Я – затравленный, загнанный, немой Павлик Морозов. Я почти убит в этой жизни. Я хотел докричаться до вас – безразличных и глухих. И проклят во все времена. Я принял заповедь – «оскверни отца своего»…
44. УЛА. АХРИМАН
…Мы гуляем с Алешкой по зоопарку. Воскресный день жарок и пуст. Белесый испепеляющий зной. Зачем мы пришли сюда? Деться некуда. Растаявшее мороженое, пожухшая листва. Кругом – клетки, решетки, ограды, колья, сетки. Загаженные камни вольер. Почерневшее мясо, тусклые кости валяются в клетках. Над ними гудят мухи.

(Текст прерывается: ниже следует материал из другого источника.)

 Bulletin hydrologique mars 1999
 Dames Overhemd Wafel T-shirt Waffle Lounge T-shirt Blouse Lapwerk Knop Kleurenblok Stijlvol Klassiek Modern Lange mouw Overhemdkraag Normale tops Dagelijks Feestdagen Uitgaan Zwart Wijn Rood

А звери не едят. Они спят. Мелкий, прерывистый сон, оцепенение неволи, усталость навсегда переломленной силы. Опустошение безнадежности. Звери знают, что они никогда не уйдут отсюда. Да и воля-то больше не нужна – они не могут жить на свободе, их тело отравлено тоской, а характер раздроблен безвыходностью. Они спят. Они чувствуют, что чем больше спишь, чем меньше видишь этот постылый мир – тем скорее придет избавление огромной тьмы. Мы, звери, даже над сроком своей жизни не вольны. Мы себе не хозяева. Мы – ничьи. Мы спим. Сделайте милость – не трогайте, дайте спать…
– Вставай, вставай!…
– Зачем?
– Вставай! На рентгеноскопию черепа…
Зачем просвечивать мой череп всевидящими невидимыми лучиками? Ничего в нем нет. Дикари – охотники за черепами – оторвали мне голову, сушили ее, набивали лекарствами – не помню, как называются, коптили, она висела на шестах, привязанная за волосы, и раскачивали ее жаркие ветры бреда. В полумраке беспамятства она ссохлась, отвердела – она размером с черное осеннее яблоко.

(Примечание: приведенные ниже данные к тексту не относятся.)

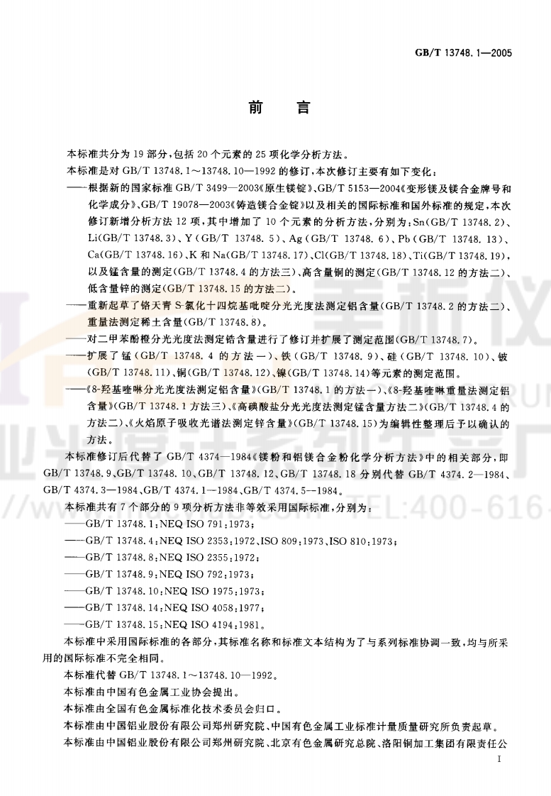 1CS77.120.20H12B中华人民共和国国家标准GB/T13748.1一2005代替GB/T13748.1一1992镁及镁合金化学分析方法铝含量的测定RUChemical analysis methods of magnesium and magnesium alloys-Determination of aluminum content卫光度(NEQ IS0791:1973)//www.macylab.com TEL:400-6162005-07-26发布2006-01-01实施中华人民共和国国家质量监督检验检疫总局中国国家标准化管理委员会发布
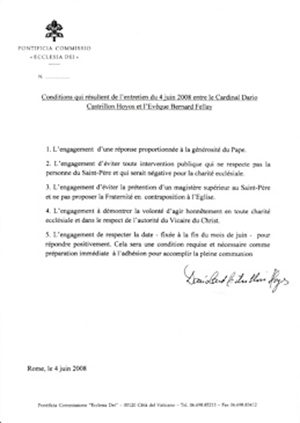 3. L’engagement d’éviter la prétention d’un magistère supérieur au Saint-Père et ne pas proposer la Fraternité en contraposition à I’Eglise.
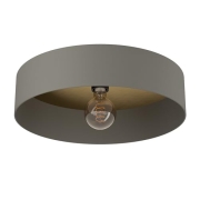 Die runde Aufbau-Lampe mit rundem Lampenschirm aus Metall in Umbragrau harmoniert insbesondere mit modernen Einrichtungsstilen Die Innenseite ist mit einer Dekorplatte ausgestattet, die sich in zwei…
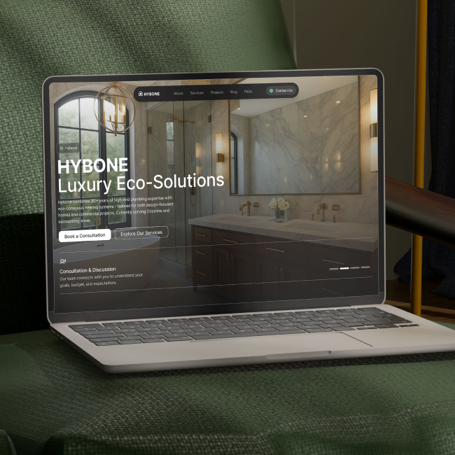 We started by shaping Hybone’s brand identity in Figma, creating a clean, modern design that reflects their blend of craftsmanship and eco-conscious innovation. The visual language, from typography to colour palette, was carefully chosen to balance technical expertise with a high-end feel, helping build trust with architects, developers, and private clients. We structured the content to guide visitors through Hybone’s story with clarity, highlighting their decades of experience and commitment to low-carbon solutions. Wireframes and page flows were mapped out to make navigation intuitive and the narrative around quality, sustainability, and innovation clear from the first click.
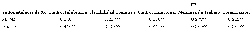 A partir de la información proporcionada por padres y maestros, se obtuvieron prevalencias del 0.6% (padres) y 0.2% (maestros) de niños con síntomas de SA. La media de edad de los niños era de 5.21 años (DE=0.431). Las correlaciones de Pearson indicaron que la sintomatología de SA presenta una relación significativa con algunos déficits de la FE, como Control Inhibitorio, Flexibilidad Cognitiva, Control Emocional, Memoria de Trabajo y Organización (ver Tabla 2).

– Не дойдет она, клади ее на каталку, – говорит кто-то, и знакомый уже рокот колесиков режет тишину и духоту, густую, как пастила, меня хватают за плечи и за ноги, перебрасывают на жесткую узкую платформу каталки. Поехали.
В коридоре сквозняк, бьется с сухим скрипом форточка, оливковые тупые стены. Эти стены окрашены серой и желчью бессилия, тоской обитателей. И воздух – безнадежность, разбавленная вонью прокисших щей.
И истошный крик, проносящийся мимо бесовки:
– Серы хочешь? Сейчас дам серы!…
Серы! Крик, мат, вопль боли, утробное сопение, возня, тестяные тяжелые удары по волглой человеческой плоти, визг, трескучие шлепки, долгий стон муки. Сера.
Ввезли каталку в грузовой лифт, резкий лязг решетчатой двери, толстые прутья, надежное укрытие. Я не хочу почерневшего мяса и тусклых костей. Я хочу спрятаться. Я хочу спать. У меня расстройство мышления в форме резонерства. Если больше спать – быстрее придет конец постылому способу существования моих белковых тел.
Алешенька, любимый мой, где ты? Что с тобой?
Летит он на огромном букете из роз, как на воздушном шаре. Я хочу собраться с силами, посмотреть – высоко ли летит твой шарик, унесет ли он тебя отсюда, достанет ли сил на полет из бесконечных серых просторов психушки. Я не знаю, сможешь ли ты быть счастлив один, но будь хотя бы свободен…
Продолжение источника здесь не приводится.